# I think I need an electrician...



## MRGrowPro (Apr 10, 2008)

Ok so let me get right to it since I expect this to be a bit long. What I need to do is power a Enlight Combo Spy Smart Fan Controller/Temp Sensor unit direct to a regular wall outlet.
Here is a pic
Front










Back (minus the hard drive, I do not need to power anything but the fan controller)
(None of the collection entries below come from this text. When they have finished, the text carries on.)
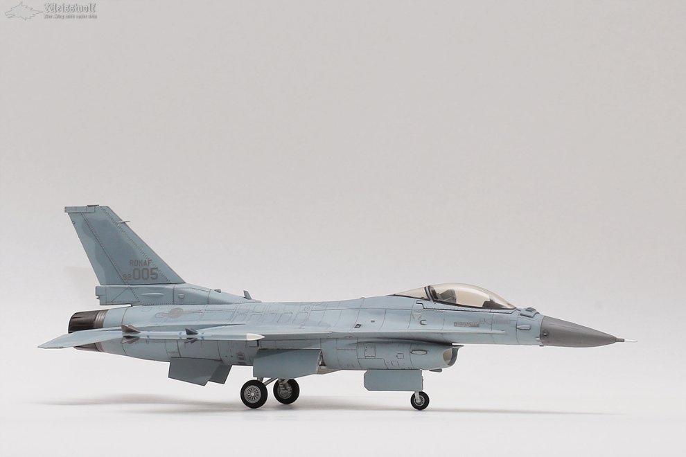 아카데미 1/72 KF-16C. 타미야의 F-16CJ가 나오면서 이제는 가성비 말고는 별 장점이 없는 키트입니다만, 그래도 전 메이커 통털어 (아마도...) 유일하게 정확한 블록 50/52 패널라인을 재현한 점과 KF-16용 ASPJ 부품이 들어 있는 건 분명한 장점입니다. 어설픈 기수 라인과 조립성이 참 아쉽네요.
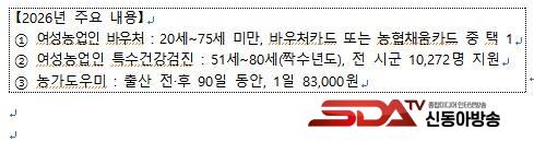 ´ë»óÀº µµ³» ³óÃÌÁö¿ª¿¡ °ÅÁÖÇÏ¸ç ³ó¾÷°æ¿µÃ¼¿¡ µî·ÏµÈ ¸¸ 20¼¼ ÀÌ»ó 75¼¼ ¹Ì¸¸ ¿©¼º³ó¾÷ÀÎÀÌ´Ù. ¿ÃÇØºÎÅÍ´Â ³óÇù Àü¿ë ¹Ù¿ìó Ä«µå ¹ß±Þ ¶Ç´Â ±âÁ¸ ä¿òÄ«µå Æ÷ÀÎÆ® ¹æ½Ä Áß ¼±ÅÃÇÒ ¼ö ÀÖµµ·Ï °³¼±µÆ´Ù. Áö¿ø±ÝÀº °Ç°°ü¸®¿Í ¹®È¡¤¿©°¡ Ȱµ¿ µî ´Ù¾çÇÑ ºÐ¾ß¿¡ »ç¿ëÇÒ ¼ö ÀÖÀ¸¸ç, »ç¿ë±âÇÑÀº 2026³â 12¿ù 31ÀϱîÁö´Ù.
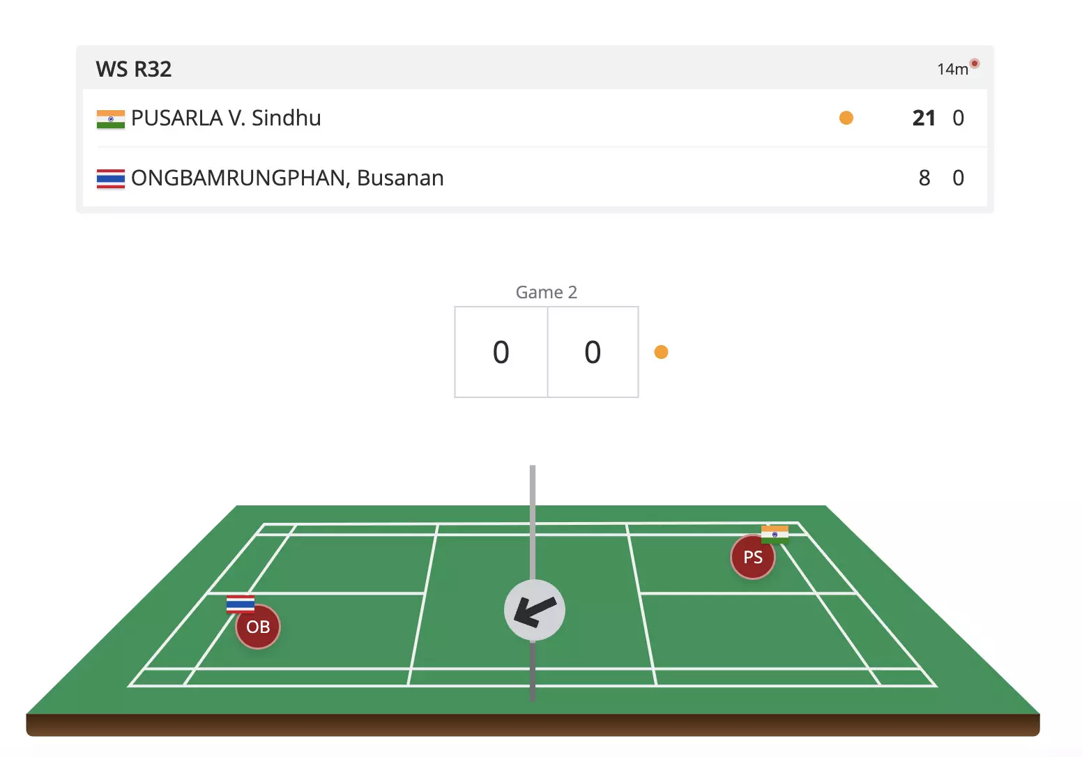 PV Sindhu doesn't waste too much time and wraps up the opening game rather convincingly, winning 21-8.

Now in the past I've powered other devices such as THIS fan controller/temp sensorsuccessfully by just splicing the power wires to a 12V 500mA or 1000mA box plug like is used to charge most cell phones. Unfortunately though the Enlight-EN5601500-Combo-Spy doesn't power on with either a 500mA or 1000mA plug. Well it kind of powers up, it lights up, but it just beeps real loud and shows nothing on the display. Works fine if I plug it into my computer though so I know it works.
I'm not really good at knowing volts and amps and stuff so if someone could tell me what my computer is giving it that my normally used box plug isn't or what mA plug I need I'd appreciate it. I have a 12V 2000mA plug I could try but I'm scared to as the 1000mA plug made the alarm in it scream like a mofo!


----------



## magnethead (Mar 18, 2006)

It'll probably take 2 amps or more. My controller is rated 20 watts a channel over 4 channels- 80 watts at 12 volts is in the 6-7 amp bracket- 6000-7000 ma.

But note that I have a CB radio for vehicle that i have on a power brick that's rated for 1 amp working fine.


----------